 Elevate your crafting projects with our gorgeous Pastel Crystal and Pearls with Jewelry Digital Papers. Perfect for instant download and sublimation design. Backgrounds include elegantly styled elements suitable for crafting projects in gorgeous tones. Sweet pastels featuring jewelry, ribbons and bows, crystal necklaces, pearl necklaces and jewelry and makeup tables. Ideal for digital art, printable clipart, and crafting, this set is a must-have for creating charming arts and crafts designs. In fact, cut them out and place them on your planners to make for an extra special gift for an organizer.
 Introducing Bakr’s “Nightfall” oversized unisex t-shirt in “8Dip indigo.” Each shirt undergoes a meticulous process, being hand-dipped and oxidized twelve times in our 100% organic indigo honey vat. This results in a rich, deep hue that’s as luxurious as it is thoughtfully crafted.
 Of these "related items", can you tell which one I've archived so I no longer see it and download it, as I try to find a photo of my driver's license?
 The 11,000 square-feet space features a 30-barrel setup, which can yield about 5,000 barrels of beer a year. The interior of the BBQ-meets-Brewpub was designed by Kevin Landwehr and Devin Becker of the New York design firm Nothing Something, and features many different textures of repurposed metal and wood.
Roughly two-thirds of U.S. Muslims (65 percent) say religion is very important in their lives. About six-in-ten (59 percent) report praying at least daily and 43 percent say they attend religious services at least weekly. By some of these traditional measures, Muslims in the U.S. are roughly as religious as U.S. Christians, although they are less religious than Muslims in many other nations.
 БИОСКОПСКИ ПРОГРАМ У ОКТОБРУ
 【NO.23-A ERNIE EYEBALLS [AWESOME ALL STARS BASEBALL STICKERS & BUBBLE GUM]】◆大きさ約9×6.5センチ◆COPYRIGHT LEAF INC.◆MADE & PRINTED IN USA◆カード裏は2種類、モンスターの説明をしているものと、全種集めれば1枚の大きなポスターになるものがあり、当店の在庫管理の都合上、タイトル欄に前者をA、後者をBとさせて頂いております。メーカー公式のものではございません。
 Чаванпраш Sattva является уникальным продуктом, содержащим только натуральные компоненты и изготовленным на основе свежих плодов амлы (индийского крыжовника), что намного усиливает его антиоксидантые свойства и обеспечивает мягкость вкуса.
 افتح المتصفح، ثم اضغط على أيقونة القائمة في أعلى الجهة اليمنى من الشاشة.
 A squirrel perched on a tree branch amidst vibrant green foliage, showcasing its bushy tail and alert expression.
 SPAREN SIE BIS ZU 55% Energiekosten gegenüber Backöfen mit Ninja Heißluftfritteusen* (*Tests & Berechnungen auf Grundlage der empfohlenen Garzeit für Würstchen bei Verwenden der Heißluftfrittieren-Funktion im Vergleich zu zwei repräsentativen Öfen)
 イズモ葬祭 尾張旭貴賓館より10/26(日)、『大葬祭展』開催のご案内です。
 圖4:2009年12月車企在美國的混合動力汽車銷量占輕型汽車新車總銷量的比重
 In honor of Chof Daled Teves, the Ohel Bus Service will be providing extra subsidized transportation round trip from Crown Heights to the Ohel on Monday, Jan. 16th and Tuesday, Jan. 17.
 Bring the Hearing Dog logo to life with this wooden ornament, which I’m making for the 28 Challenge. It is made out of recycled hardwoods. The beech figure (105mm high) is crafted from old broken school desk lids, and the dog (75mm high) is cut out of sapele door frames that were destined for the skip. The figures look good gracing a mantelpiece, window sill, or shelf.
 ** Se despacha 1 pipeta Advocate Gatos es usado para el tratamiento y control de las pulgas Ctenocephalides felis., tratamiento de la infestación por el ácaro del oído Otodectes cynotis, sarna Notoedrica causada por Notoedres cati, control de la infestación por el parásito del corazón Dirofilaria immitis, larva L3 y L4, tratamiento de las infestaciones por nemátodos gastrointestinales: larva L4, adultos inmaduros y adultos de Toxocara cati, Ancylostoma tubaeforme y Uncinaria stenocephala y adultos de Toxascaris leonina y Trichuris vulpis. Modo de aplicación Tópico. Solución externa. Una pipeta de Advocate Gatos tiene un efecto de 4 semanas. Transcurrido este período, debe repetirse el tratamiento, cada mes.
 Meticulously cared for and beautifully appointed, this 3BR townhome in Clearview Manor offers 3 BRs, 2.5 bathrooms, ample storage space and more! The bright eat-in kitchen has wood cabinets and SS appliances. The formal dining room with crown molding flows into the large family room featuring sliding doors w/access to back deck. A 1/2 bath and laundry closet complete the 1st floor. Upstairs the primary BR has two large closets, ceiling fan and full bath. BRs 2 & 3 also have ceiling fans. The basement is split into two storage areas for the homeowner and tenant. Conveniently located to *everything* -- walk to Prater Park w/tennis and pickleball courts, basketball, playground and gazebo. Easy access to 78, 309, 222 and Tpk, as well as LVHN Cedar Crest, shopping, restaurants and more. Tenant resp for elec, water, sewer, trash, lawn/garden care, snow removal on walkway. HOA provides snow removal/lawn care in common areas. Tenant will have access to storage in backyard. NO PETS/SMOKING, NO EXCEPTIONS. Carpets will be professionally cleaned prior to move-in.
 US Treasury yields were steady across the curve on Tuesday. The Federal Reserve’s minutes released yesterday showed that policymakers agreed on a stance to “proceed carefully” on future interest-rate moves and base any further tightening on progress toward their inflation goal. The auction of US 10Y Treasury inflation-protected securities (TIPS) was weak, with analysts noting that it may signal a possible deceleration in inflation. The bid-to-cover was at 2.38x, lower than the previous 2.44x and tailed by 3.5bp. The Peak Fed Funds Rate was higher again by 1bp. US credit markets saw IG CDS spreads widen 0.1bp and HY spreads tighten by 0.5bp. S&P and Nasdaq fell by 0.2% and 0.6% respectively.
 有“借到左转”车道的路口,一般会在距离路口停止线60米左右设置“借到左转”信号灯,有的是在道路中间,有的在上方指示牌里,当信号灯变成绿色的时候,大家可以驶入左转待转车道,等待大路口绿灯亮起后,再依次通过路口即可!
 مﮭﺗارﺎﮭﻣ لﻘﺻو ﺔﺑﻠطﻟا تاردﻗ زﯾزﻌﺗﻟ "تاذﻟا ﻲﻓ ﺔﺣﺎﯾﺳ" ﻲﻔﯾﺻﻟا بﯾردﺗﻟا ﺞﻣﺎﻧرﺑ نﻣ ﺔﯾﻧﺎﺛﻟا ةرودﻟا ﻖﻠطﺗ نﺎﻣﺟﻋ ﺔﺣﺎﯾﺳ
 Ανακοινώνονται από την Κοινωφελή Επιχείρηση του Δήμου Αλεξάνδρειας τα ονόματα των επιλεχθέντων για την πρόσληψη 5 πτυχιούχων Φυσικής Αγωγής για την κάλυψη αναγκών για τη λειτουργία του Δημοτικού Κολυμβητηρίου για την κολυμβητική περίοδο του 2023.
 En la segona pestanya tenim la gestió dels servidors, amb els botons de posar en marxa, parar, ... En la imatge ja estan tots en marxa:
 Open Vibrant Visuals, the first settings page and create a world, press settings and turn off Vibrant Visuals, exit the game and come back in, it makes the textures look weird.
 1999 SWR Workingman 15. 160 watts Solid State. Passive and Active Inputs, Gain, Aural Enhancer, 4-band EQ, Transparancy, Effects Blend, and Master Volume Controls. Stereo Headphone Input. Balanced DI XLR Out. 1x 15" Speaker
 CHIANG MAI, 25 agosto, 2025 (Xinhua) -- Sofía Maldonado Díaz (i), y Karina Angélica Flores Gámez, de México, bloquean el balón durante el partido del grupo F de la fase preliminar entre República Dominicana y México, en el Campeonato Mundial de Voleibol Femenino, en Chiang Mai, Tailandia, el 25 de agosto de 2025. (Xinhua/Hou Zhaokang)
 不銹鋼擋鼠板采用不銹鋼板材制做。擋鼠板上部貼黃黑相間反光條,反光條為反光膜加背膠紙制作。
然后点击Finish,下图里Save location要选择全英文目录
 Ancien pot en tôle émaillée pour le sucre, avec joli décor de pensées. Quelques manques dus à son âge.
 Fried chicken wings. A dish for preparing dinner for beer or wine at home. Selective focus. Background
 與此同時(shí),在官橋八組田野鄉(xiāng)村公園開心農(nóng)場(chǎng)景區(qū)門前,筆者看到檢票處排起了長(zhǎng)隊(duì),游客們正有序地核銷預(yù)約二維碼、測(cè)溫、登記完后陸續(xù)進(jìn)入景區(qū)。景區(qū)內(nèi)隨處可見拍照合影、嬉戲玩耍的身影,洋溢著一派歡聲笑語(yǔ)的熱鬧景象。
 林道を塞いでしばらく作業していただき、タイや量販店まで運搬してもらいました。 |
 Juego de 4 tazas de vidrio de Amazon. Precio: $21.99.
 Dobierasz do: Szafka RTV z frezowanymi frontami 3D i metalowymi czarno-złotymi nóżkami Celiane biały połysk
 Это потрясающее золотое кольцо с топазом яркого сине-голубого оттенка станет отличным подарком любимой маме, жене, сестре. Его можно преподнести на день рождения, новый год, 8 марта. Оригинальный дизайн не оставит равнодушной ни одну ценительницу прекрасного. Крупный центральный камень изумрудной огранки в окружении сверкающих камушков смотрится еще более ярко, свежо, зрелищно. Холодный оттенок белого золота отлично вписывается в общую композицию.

....

REQUIRED WORK |
Beginning with the line that has "tratamiento, cada mes." and ending with the line that has "Meticulously cared for", set down the lines above exactly and include no others.

EXERCISE RESULT |
 ** Se despacha 1 pipeta Advocate Gatos es usado para el tratamiento y control de las pulgas Ctenocephalides felis., tratamiento de la infestación por el ácaro del oído Otodectes cynotis, sarna Notoedrica causada por Notoedres cati, control de la infestación por el parásito del corazón Dirofilaria immitis, larva L3 y L4, tratamiento de las infestaciones por nemátodos gastrointestinales: larva L4, adultos inmaduros y adultos de Toxocara cati, Ancylostoma tubaeforme y Uncinaria stenocephala y adultos de Toxascaris leonina y Trichuris vulpis. Modo de aplicación Tópico. Solución externa. Una pipeta de Advocate Gatos tiene un efecto de 4 semanas. Transcurrido este período, debe repetirse el tratamiento, cada mes.
 Meticulously cared for and beautifully appointed, this 3BR townhome in Clearview Manor offers 3 BRs, 2.5 bathrooms, ample storage space and more! The bright eat-in kitchen has wood cabinets and SS appliances. The formal dining room with crown molding flows into the large family room featuring sliding doors w/access to back deck. A 1/2 bath and laundry closet complete the 1st floor. Upstairs the primary BR has two large closets, ceiling fan and full bath. BRs 2 & 3 also have ceiling fans. The basement is split into two storage areas for the homeowner and tenant. Conveniently located to *everything* -- walk to Prater Park w/tennis and pickleball courts, basketball, playground and gazebo. Easy access to 78, 309, 222 and Tpk, as well as LVHN Cedar Crest, shopping, restaurants and more. Tenant resp for elec, water, sewer, trash, lawn/garden care, snow removal on walkway. HOA provides snow removal/lawn care in common areas. Tenant will have access to storage in backyard. NO PETS/SMOKING, NO EXCEPTIONS. Carpets will be professionally cleaned prior to move-in.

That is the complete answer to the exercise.